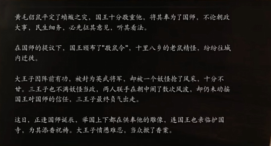 国王大喜,直接封“黄风大王”为“黄风大圣”,为“斯哈哩国”的国师!整个国家也开始供奉鼠像,不信“佛”,不信“王”,信“鼠”!周围的“鼠妖”都迁徙到此地跟随“黄风大圣”!
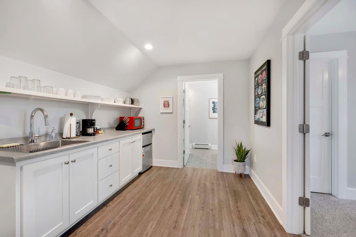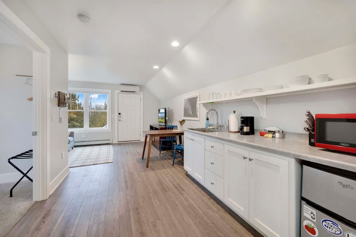 The kitchenette is fully stocked with everything you need, including a mini-fridge/freezer, toaster, microwave, large sink, kitchen utensils, Keurig, and snacks. You'll sleep soundly on a brand new queen-sized bed with a memory foam mattress from Tuft & Needle. The bathroom has beautiful new fixtures, plush linens, and a shower with great water pressure. The WiFi is fast, and the LED TV comes with a Chromecast for your favorite streaming services, so you can unwind and watch all your favorite shows and movies after a day of exploring the peninsula.
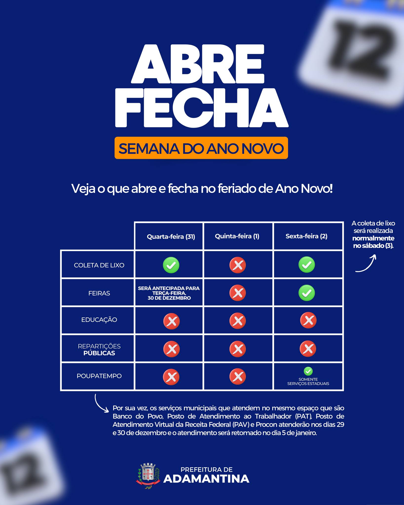 De acordo com o decreto 7.021 de 8 de novembro de 2024 e, ainda, conforme o decreto 7192 de 6 de novembro de 2025, o expediente no ano novo está suspenso nas repartições públicas da administração direta do município de Adamantina.
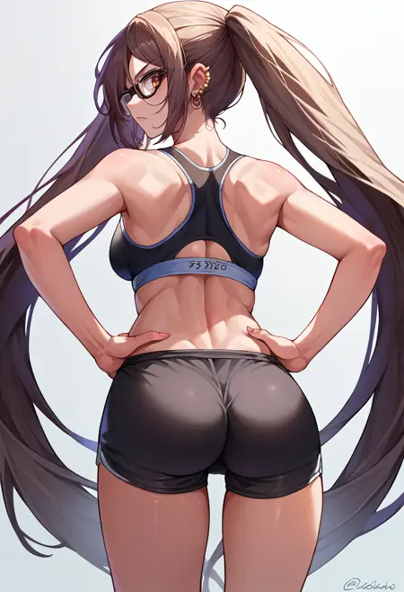AkutaHinako, very long hair, twintails, glasses, ear piercing
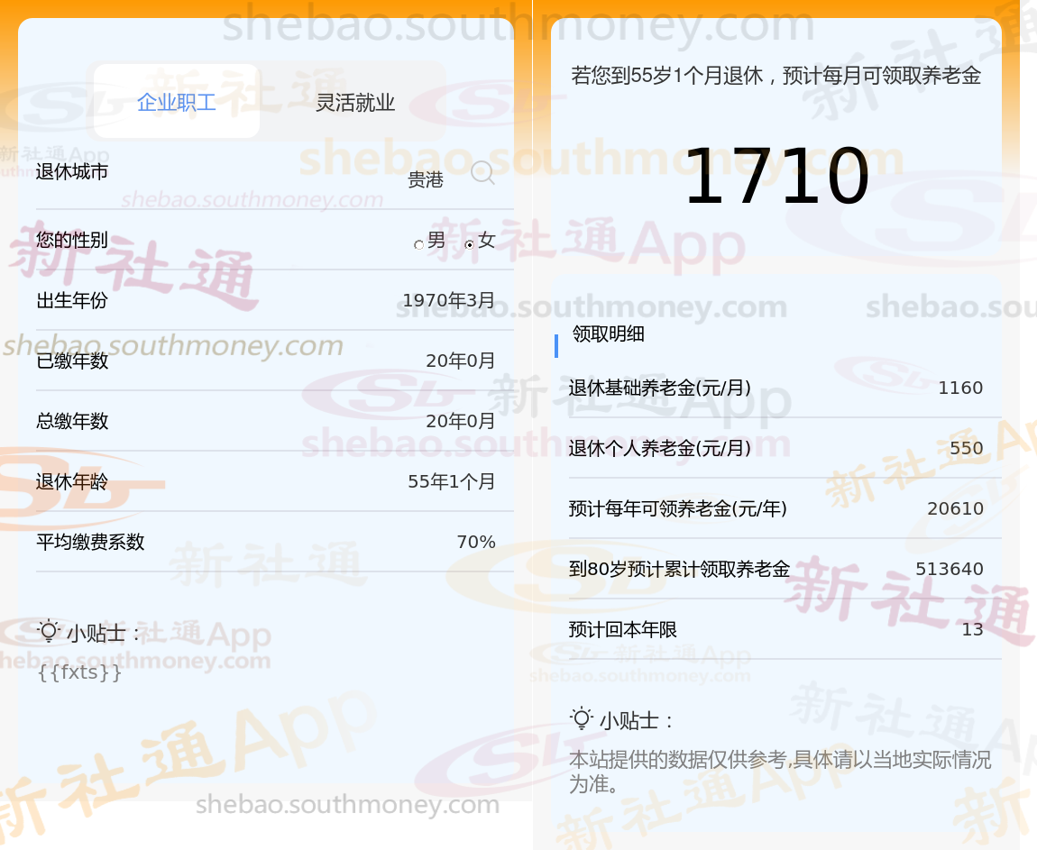退休城市:广西贵港,性别:女,出生年份:1970,总缴年数20年,缴费档次:70%,新社通app养老金计算器所得:

• EXERCISE BRIEF: Nothing but the lines from the one containing "AkutaHinako, very long" through the end of the entries is to be retyped, exactly as written and without pictures.

• ANSWER:
AkutaHinako, very long hair, twintails, glasses, ear piercing
退休城市:广西贵港,性别:女,出生年份:1970,总缴年数20年,缴费档次:70%,新社通app养老金计算器所得:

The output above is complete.